Exercise brief → Copy the listing below exactly, but skip the pictures.

Raw data →
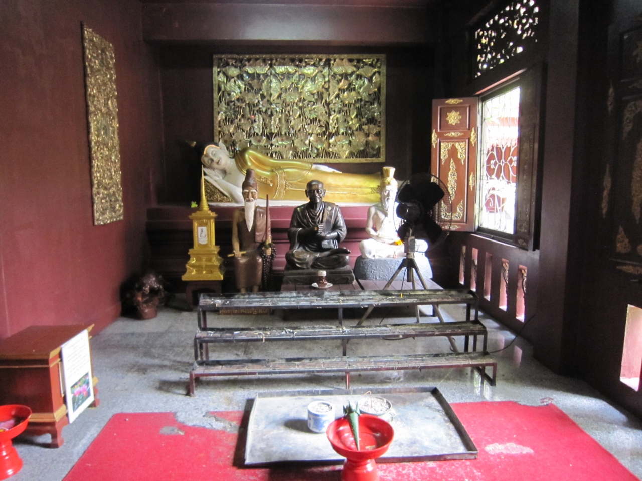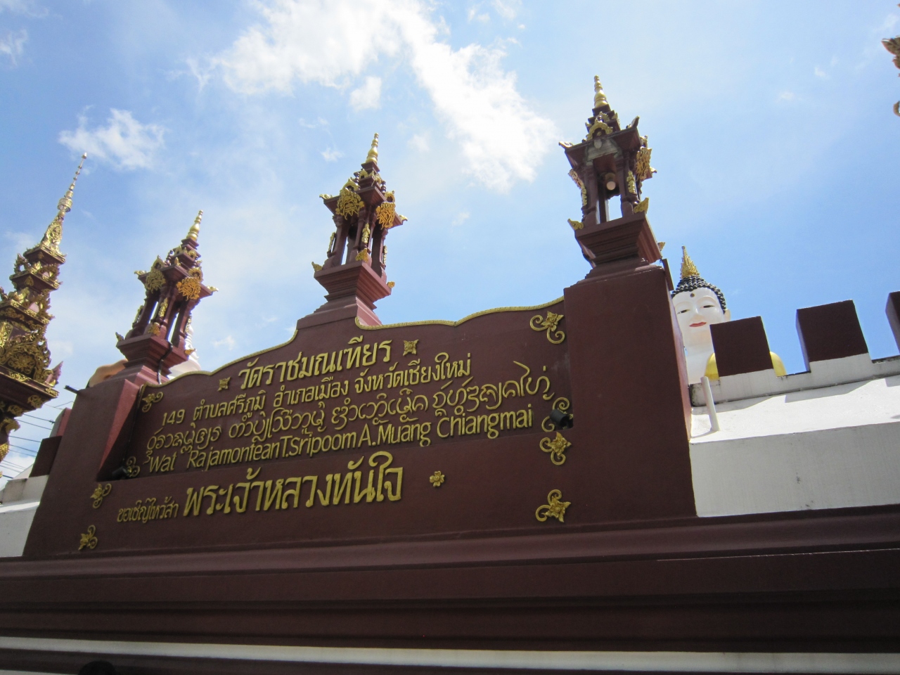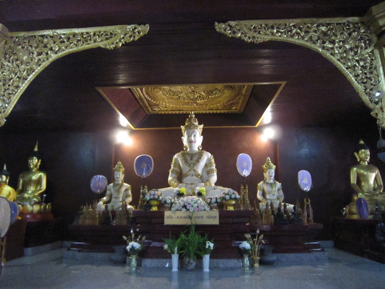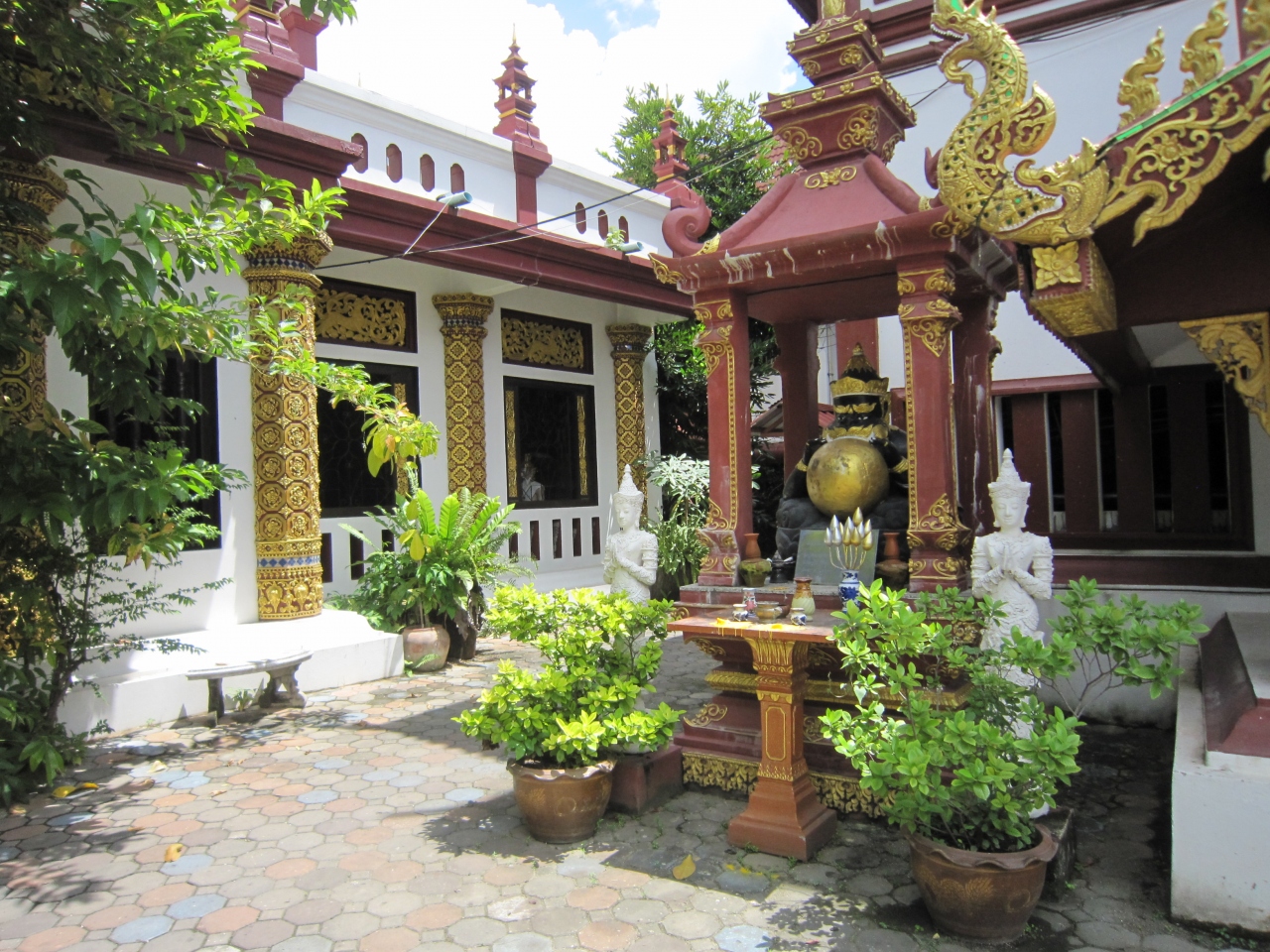 ワット・プラシンから出て前の通りを左へ、お堀の通り出て右に曲がった所です。お堀をはさみワット・ロークモリーの向かいです。お堀側から見ると大きな金色の仏像が見えます。礼拝堂は2階建て、1階には入れます。仏像は白い陶製のようで、その右奥には涅槃像があります。2階の礼拝堂には入れませんでしたが、外にある大きな金色の仏像のそばに1階内部からと外部から行けます。金ぴかに光り大きな仏像です。晴れていたので仏像がより一層耀き眩しかったです。靴を脱いで行きますので足の裏が汚れます。そこから礼拝堂の横を通り仏塔まで以前は行けましたが、今は立入禁止でした。お堀が見渡せますので気持ちが良かったです。
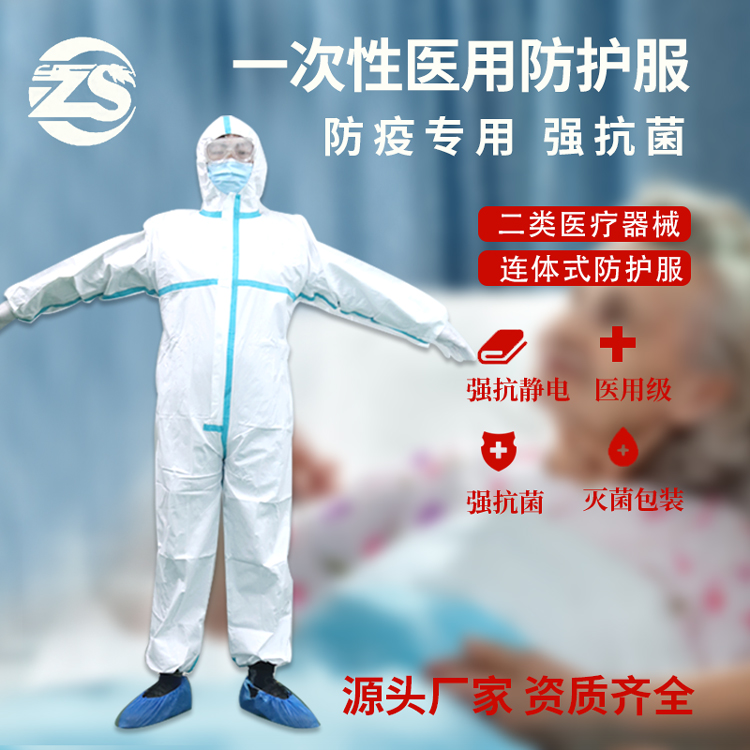医用防护服,是医护人员工作着装,隔离病菌、有害超细粉尘、酸性溶液、盐溶液,保持环境清洁。采用PP(聚丙烯,占总数的62%)无纺布材料,外覆防护服专用透气膜,透气性强,防静电;较佳的防渗透性,在抗多种有机溶剂、酸碱腐蚀的同时,具有较高的耐冲击性。机械性质强韧,质地柔软舒适。不助燃、无毒无刺激性,对皮肤无害。
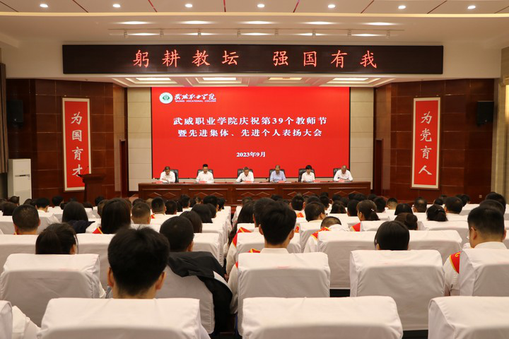 9月8日上午,在第39個教師節(jié)即將來臨之際,武威職業(yè)學院慶祝2023年教師節(jié)暨先進集體和先進個人表揚大會在菁英廳隆重舉行。學院黨委書記、校長趙明主持會議并講話,在家領(lǐng)導(dǎo)班子成員出席會議,中層管理干部、受表揚的教師和師生代表參加會議。
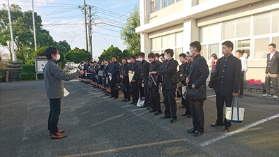 生徒会長2年普通科人文コース 畠田 碧生君から激励の言葉をかけられる生徒達。

Answer below →
 ワット・プラシンから出て前の通りを左へ、お堀の通り出て右に曲がった所です。お堀をはさみワット・ロークモリーの向かいです。お堀側から見ると大きな金色の仏像が見えます。礼拝堂は2階建て、1階には入れます。仏像は白い陶製のようで、その右奥には涅槃像があります。2階の礼拝堂には入れませんでしたが、外にある大きな金色の仏像のそばに1階内部からと外部から行けます。金ぴかに光り大きな仏像です。晴れていたので仏像がより一層耀き眩しかったです。靴を脱いで行きますので足の裏が汚れます。そこから礼拝堂の横を通り仏塔まで以前は行けましたが、今は立入禁止でした。お堀が見渡せますので気持ちが良かったです。
医用防护服,是医护人员工作着装,隔离病菌、有害超细粉尘、酸性溶液、盐溶液,保持环境清洁。采用PP(聚丙烯,占总数的62%)无纺布材料,外覆防护服专用透气膜,透气性强,防静电;较佳的防渗透性,在抗多种有机溶剂、酸碱腐蚀的同时,具有较高的耐冲击性。机械性质强韧,质地柔软舒适。不助燃、无毒无刺激性,对皮肤无害。
 9月8日上午,在第39個教師節(jié)即將來臨之際,武威職業(yè)學院慶祝2023年教師節(jié)暨先進集體和先進個人表揚大會在菁英廳隆重舉行。學院黨委書記、校長趙明主持會議并講話,在家領(lǐng)導(dǎo)班子成員出席會議,中層管理干部、受表揚的教師和師生代表參加會議。
 生徒会長2年普通科人文コース 畠田 碧生君から激励の言葉をかけられる生徒達。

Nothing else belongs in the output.